Governor Godwin Obaseki of Edo state has sounded an alarm over a grave crisis engulfing Nigeria’s economy, attributing it to actions taken by the federal government. Speaking at a workshop in Benin on Thursday, where discussions revolved around the implementation of the state’s new Land Use Charge Law, Obaseki urged residents to actively participate in the state’s development efforts.

Obaseki candidly expressed his concern, asserting, “Nigeria’s economy is in serious crisis. We can’t continue to fold our hands and wait for a country that can’t help us. Rather, we will do all we can to help ourselves and our state.”

He alluded to the sweeping reforms undertaken by President Bola Tinubu, specifically the removal of petroleum subsidies and the liberalization of forex exchange, which have contributed to the escalating costs of goods and services in Nigeria. This relentless surge in prices, coupled with a significant inflation rate and the resulting economic challenges, has sparked widespread unease across the nation.
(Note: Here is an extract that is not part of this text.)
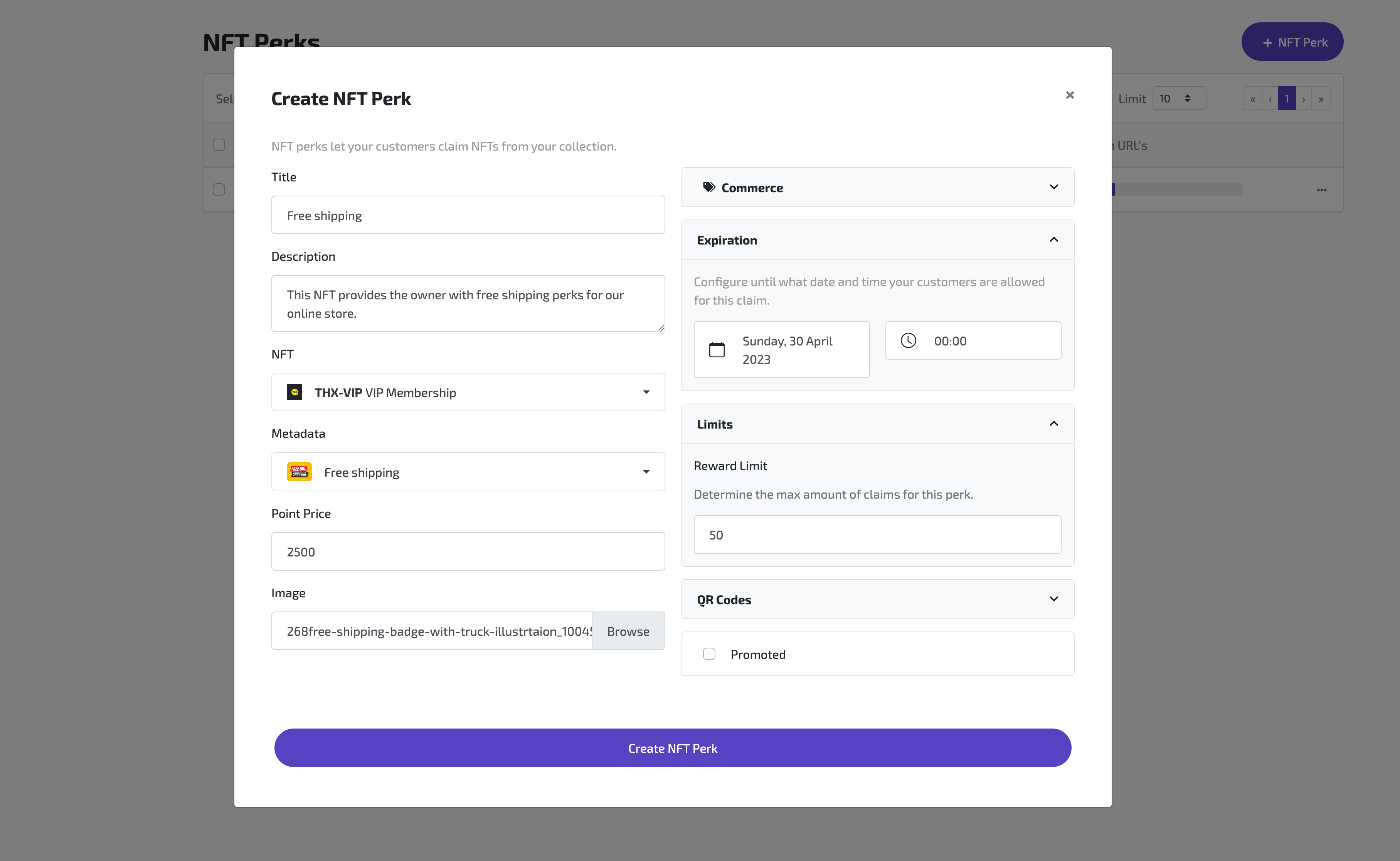 This page demonstrates how to configure NFT rewards with optional platform or expiry conditions applied to it.

The Edo State Governor, Mr. Obaseki said the state government has resorted to “taking care of those who can’t feed themselves” in the state.

“From our revenue, we have decided to take money from our Internally Generated Revenue to look after those that can’t feed – the poorest of the poor. We are doing our best as an administration to make things easy in Edo State for our citizens who have trust in this government,” the governor said.

“If we are a truly thriving country, states will survive on their own, without relying on Abuja. Whether they give us or not, we would survive as a state. We have been surviving before now. Our administration is transparent and accountable, that is why the World Bank trusts us.”

Workers’ unions have kicked against the Nigerian government’s reforms, while Mr. Tinubu has continued to appeal for understanding and calm, arguing that his actions are for the good of the country.

The federal government on Thursday announced N5 billion palliative to each of the 36 states to cushion the effect of the removal of petrol subsidy.